The value returned by _shuffleBits() is then cast back to a signed integer. Here again, the value doesn't change, rather, it depends whether the resulting value was above or below the where the split between positive and negative numbers happens. Depending on that the int shuffled variable becomes positive or negative.

Finally

return shuffled < 0 ? -shuffled : shuffled;

would make you expect that this function will only ever return positive numbers, but if we were to pass it the smallest possible signed integer

0x8000000000000000000000000000000000000000000000000000000000000000 (-57896044618658097711785492504343953926634992332820282019728792003956564819968)

it will return that very same number, in negative form.

The reason for this is that the positive range does not include that number without a sign. The maximum positive number representable is

0x7fffffffffffffffffffffffffffffffffffffffffffffffffffffffffffffff (+57896044618658097711785492504343953926634992332820282019728792003956564819967)
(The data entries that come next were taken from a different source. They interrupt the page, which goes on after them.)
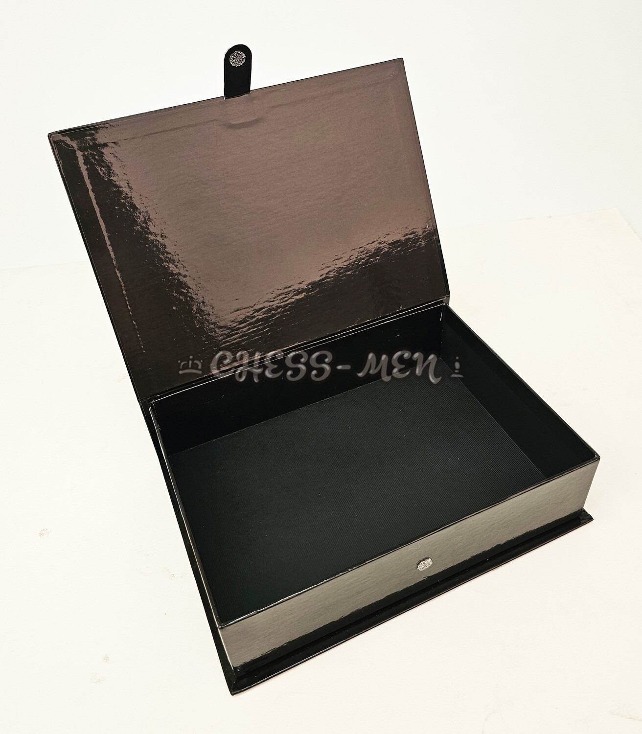 Дно и стенки коробки изнутри оклеены матовой черной бумагой.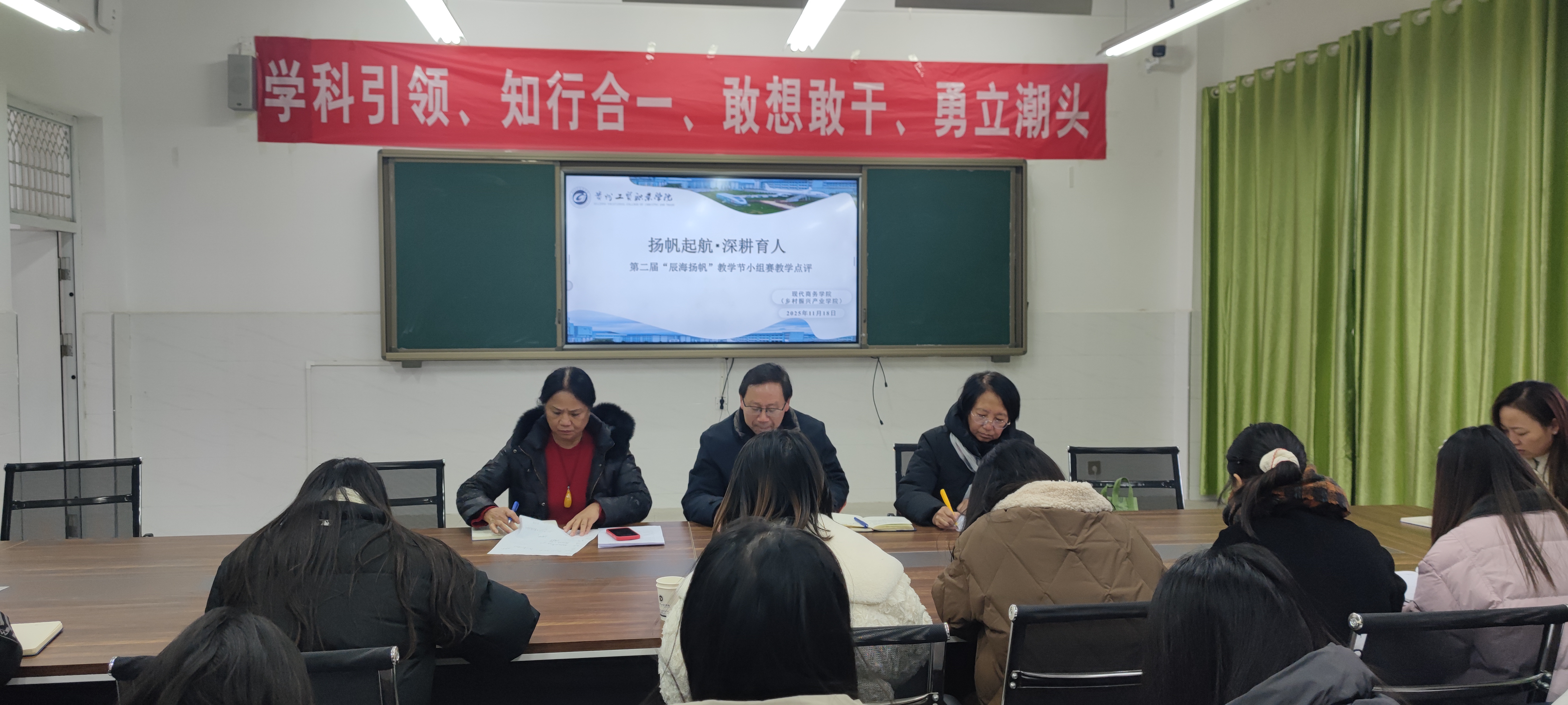 为深化教育教学改革,提升教学基本功,搭建教师交流展示平台,提升课堂教学质量。落实贵州工贸职业学院第二届“辰海扬帆”教学节活动方案。11月18日下午,现代商务学院第二届“辰海扬帆”教学节活动启动仪式正式开启,全院各专任教师积极参与,以饱满的热情、扎实的专业功底呈现了一场场精彩的教学比拼,为教学节活动拉开了精彩序幕。本次青年教师组教学比赛小组赛面向全院所有专任教师,共分为财经组、商贸组、轨道交通组三个小组展开角逐,每组将评选出前三名,最终推荐各组第一名晋级后续赛事。为确保本次评审的公平、公正及专业,评委阵容由现代商务学院党支部书记、院长黄教珍,学校图书馆馆长吴志强,智能智造工程学院张艳教授,以及学院各教研室主任、骨干教师代表共同组成。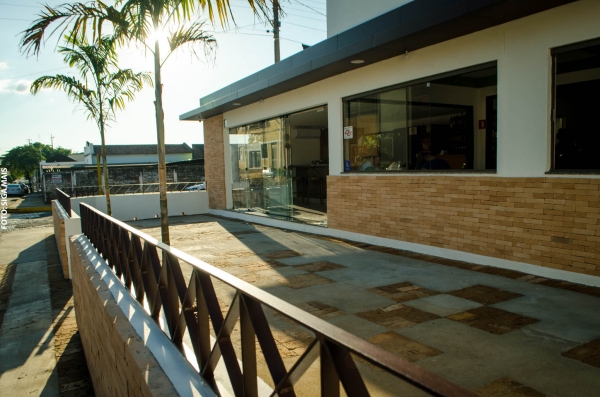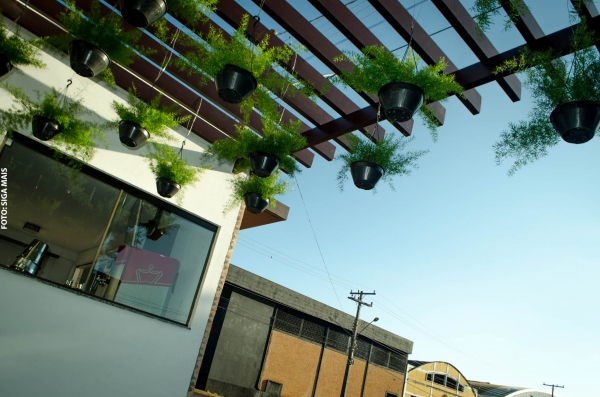Já a área externa, ao ar livre, recebeu mesas e cadeiras dispostas no entorno do prédio, tanto na Avenida Adhemar de Barros quanto na Alameda Maria Cândida Romanini.
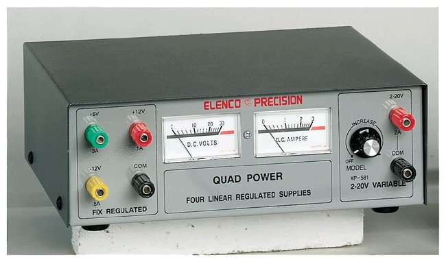 Applications include electronic circuits, ripple tank power sources, light bulb circuits and much more.Panel meters on the front face display the voltage and output current drawn from the adjustable output terminalsThree fixed and one variable outputAll outputs are fully regulated and short circuit-protected for maximum safetySpecifications:Variable output: 2-20V, 2A max.Fixed outputs: 5VDC, 3A max., ±12VDC, 1A max.Order InfoElectrical requirements: 120V 60Hz (2A fuse).

And as you can see, that is one too low to be able to represent that negative number as a positive one. So when solidity removes the negative sign, it just wraps around and gets back into the negative range again.


Question 8 of 8

How many valid preimages are there if magicNumber == 1?

  • A. 0
  • B. 1
  • C. 2
  • D. 3
Solution

Correct is C.

Working backwards in _convertPreimageToNumber(), for it to return a 1

return shuffled < 0 ? -shuffled : shuffled;

The shuffled value either needs to be -1 or 1. Which is one of either:

0x0000000000000000000000000000000000000000000000000000000000000001 (+1)
0xffffffffffffffffffffffffffffffffffffffffffffffffffffffffffffffff (-1)

The _shuffleBits() function would have no impact on the -1's value, therefore we already know that -1 is one valid preimage for the magic number 1.

But for _shuffleBits() to return +1, the input would need to be that single bit shifted all the way to the right, which is:

0x8000000000000000000000000000000000000000000000000000000000000000

Making this two valid preimages for the magic number 1.